> **Work instruction**: When you copy from the entries that follow, take only the lines from the one with "Bicchiere termico skinny" down to the one with "Sáng 04/10, tại", keeping both ends and dropping every picture.

> **Data to use**:

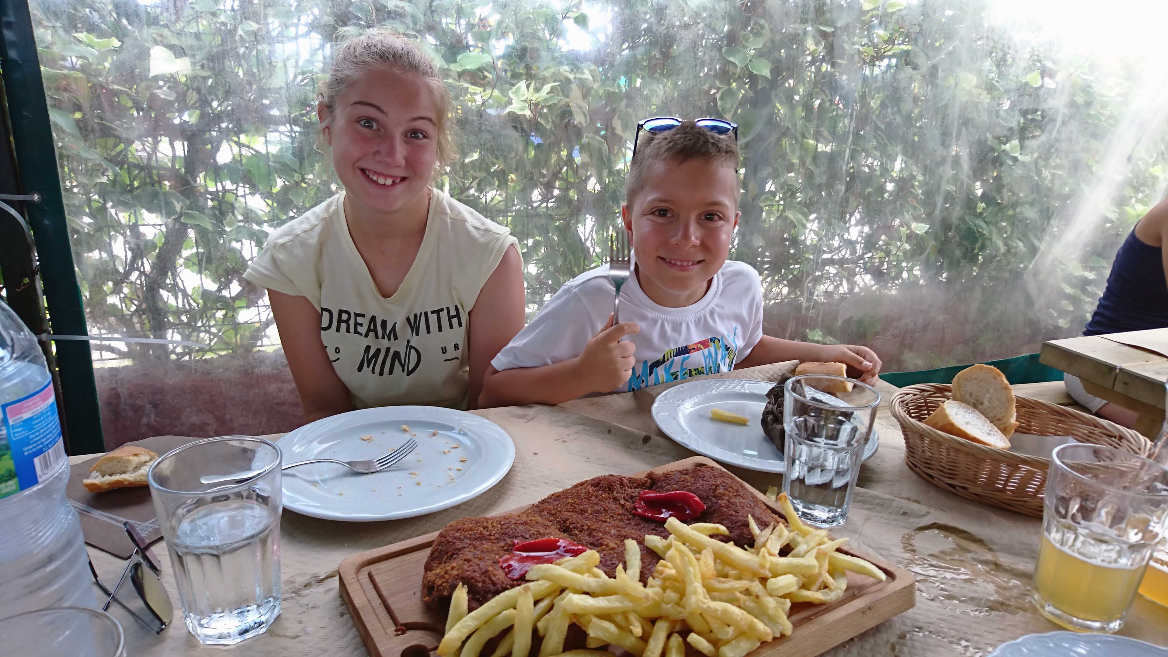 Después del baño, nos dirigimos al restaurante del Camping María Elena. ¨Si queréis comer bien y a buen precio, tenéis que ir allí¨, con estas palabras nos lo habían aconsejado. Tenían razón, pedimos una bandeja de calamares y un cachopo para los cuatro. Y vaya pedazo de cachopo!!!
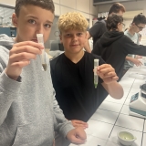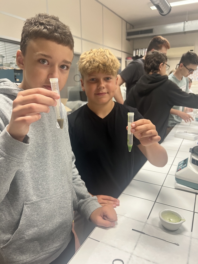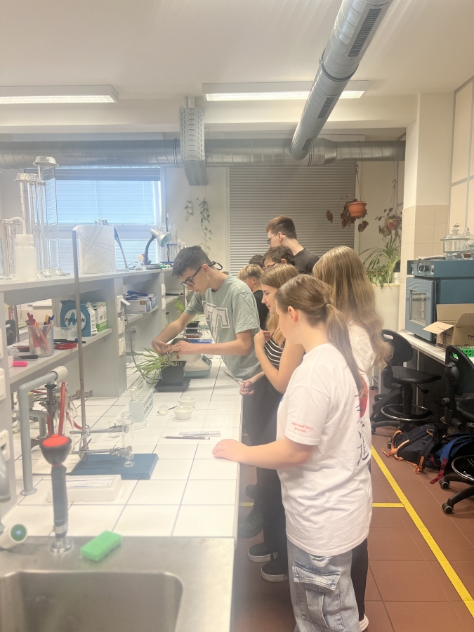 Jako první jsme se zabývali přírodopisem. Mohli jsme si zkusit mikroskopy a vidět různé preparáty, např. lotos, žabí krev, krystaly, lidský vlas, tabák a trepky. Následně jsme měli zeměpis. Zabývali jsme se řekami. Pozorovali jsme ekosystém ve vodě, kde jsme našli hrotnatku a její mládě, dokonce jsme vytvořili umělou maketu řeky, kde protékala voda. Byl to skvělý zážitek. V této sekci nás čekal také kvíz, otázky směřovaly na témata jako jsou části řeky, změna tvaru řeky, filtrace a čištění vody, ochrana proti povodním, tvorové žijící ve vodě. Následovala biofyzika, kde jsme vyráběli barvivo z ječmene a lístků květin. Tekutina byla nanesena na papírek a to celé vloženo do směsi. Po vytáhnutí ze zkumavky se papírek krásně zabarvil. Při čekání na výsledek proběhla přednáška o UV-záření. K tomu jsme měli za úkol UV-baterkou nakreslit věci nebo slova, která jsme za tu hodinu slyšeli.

--

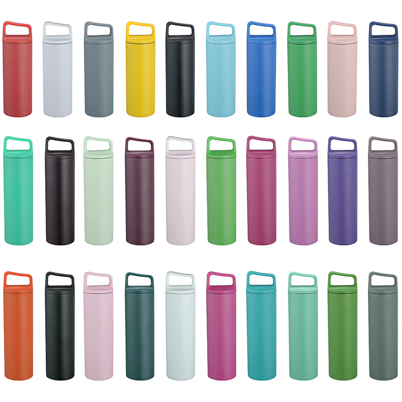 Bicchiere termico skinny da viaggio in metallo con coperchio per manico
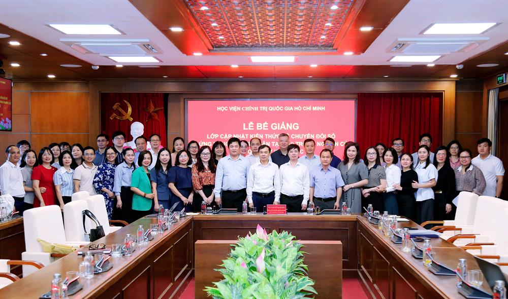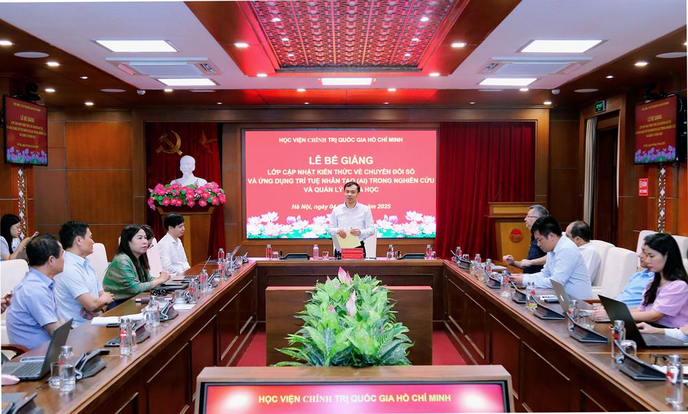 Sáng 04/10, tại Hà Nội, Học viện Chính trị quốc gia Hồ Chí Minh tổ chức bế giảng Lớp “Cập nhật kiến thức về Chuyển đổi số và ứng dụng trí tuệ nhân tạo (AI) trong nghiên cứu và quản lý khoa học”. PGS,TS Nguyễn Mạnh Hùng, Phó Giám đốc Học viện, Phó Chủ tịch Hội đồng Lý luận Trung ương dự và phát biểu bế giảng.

> **Task response**:
 Bicchiere termico skinny da viaggio in metallo con coperchio per manico
 Sáng 04/10, tại Hà Nội, Học viện Chính trị quốc gia Hồ Chí Minh tổ chức bế giảng Lớp “Cập nhật kiến thức về Chuyển đổi số và ứng dụng trí tuệ nhân tạo (AI) trong nghiên cứu và quản lý khoa học”. PGS,TS Nguyễn Mạnh Hùng, Phó Giám đốc Học viện, Phó Chủ tịch Hội đồng Lý luận Trung ương dự và phát biểu bế giảng.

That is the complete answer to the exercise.